**RECORDED INFORMATION**
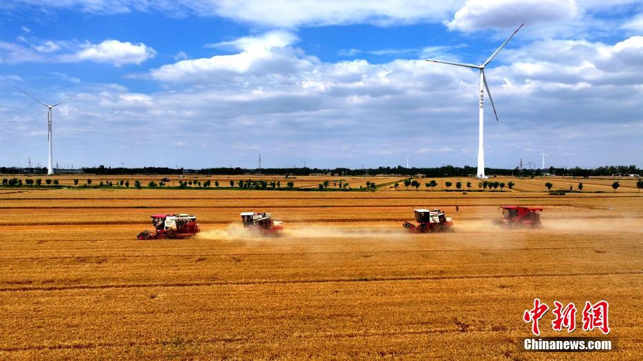 近日,河北省衡水市阜城縣42.4萬畝小麥?zhǔn)崭钸M(jìn)入尾聲,當(dāng)?shù)卣{(diào)配1000余臺小麥聯(lián)合收割機(jī)、各類農(nóng)業(yè)機(jī)械2500余臺投入到“三夏”作業(yè)之中,確保夏糧顆粒歸倉。圖為6月16日,阜城縣碼頭鎮(zhèn)李晉莊村的農(nóng)田里,小麥聯(lián)合收割機(jī)正在作業(yè)。薛騰飛 攝
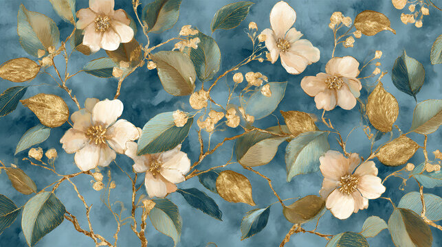 botanical wallpaper with cream flowers and teal leaves elegant floral mural with gold accents on blue
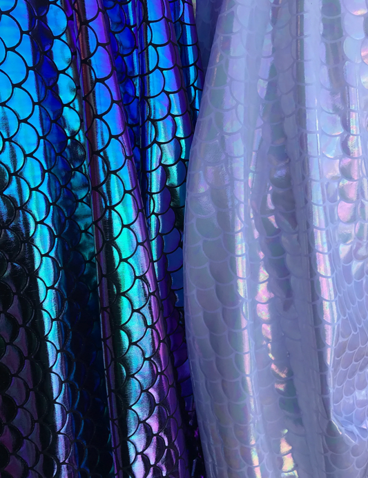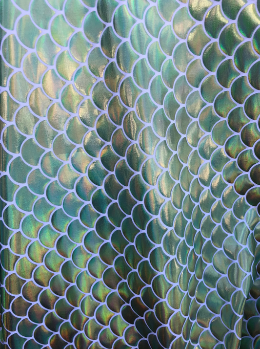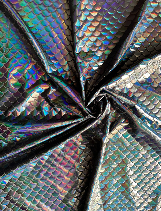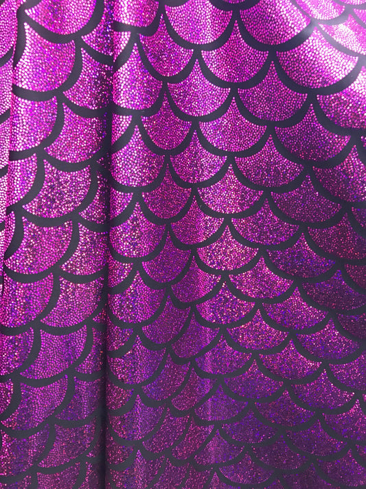 Medium mermaid fish scales metallic Hologram foil 58/60" 4way stretch nylon spandex sold by the YD. Ships worldwide from Los Angeles CA

**EXERCISE PROMPT**
Here the job is to print all the data exactly, skipping any image.

**TASK SOLUTION**
 近日,河北省衡水市阜城縣42.4萬畝小麥?zhǔn)崭钸M(jìn)入尾聲,當(dāng)?shù)卣{(diào)配1000余臺小麥聯(lián)合收割機(jī)、各類農(nóng)業(yè)機(jī)械2500余臺投入到“三夏”作業(yè)之中,確保夏糧顆粒歸倉。圖為6月16日,阜城縣碼頭鎮(zhèn)李晉莊村的農(nóng)田里,小麥聯(lián)合收割機(jī)正在作業(yè)。薛騰飛 攝
 botanical wallpaper with cream flowers and teal leaves elegant floral mural with gold accents on blue
 Medium mermaid fish scales metallic Hologram foil 58/60" 4way stretch nylon spandex sold by the YD. Ships worldwide from Los Angeles CA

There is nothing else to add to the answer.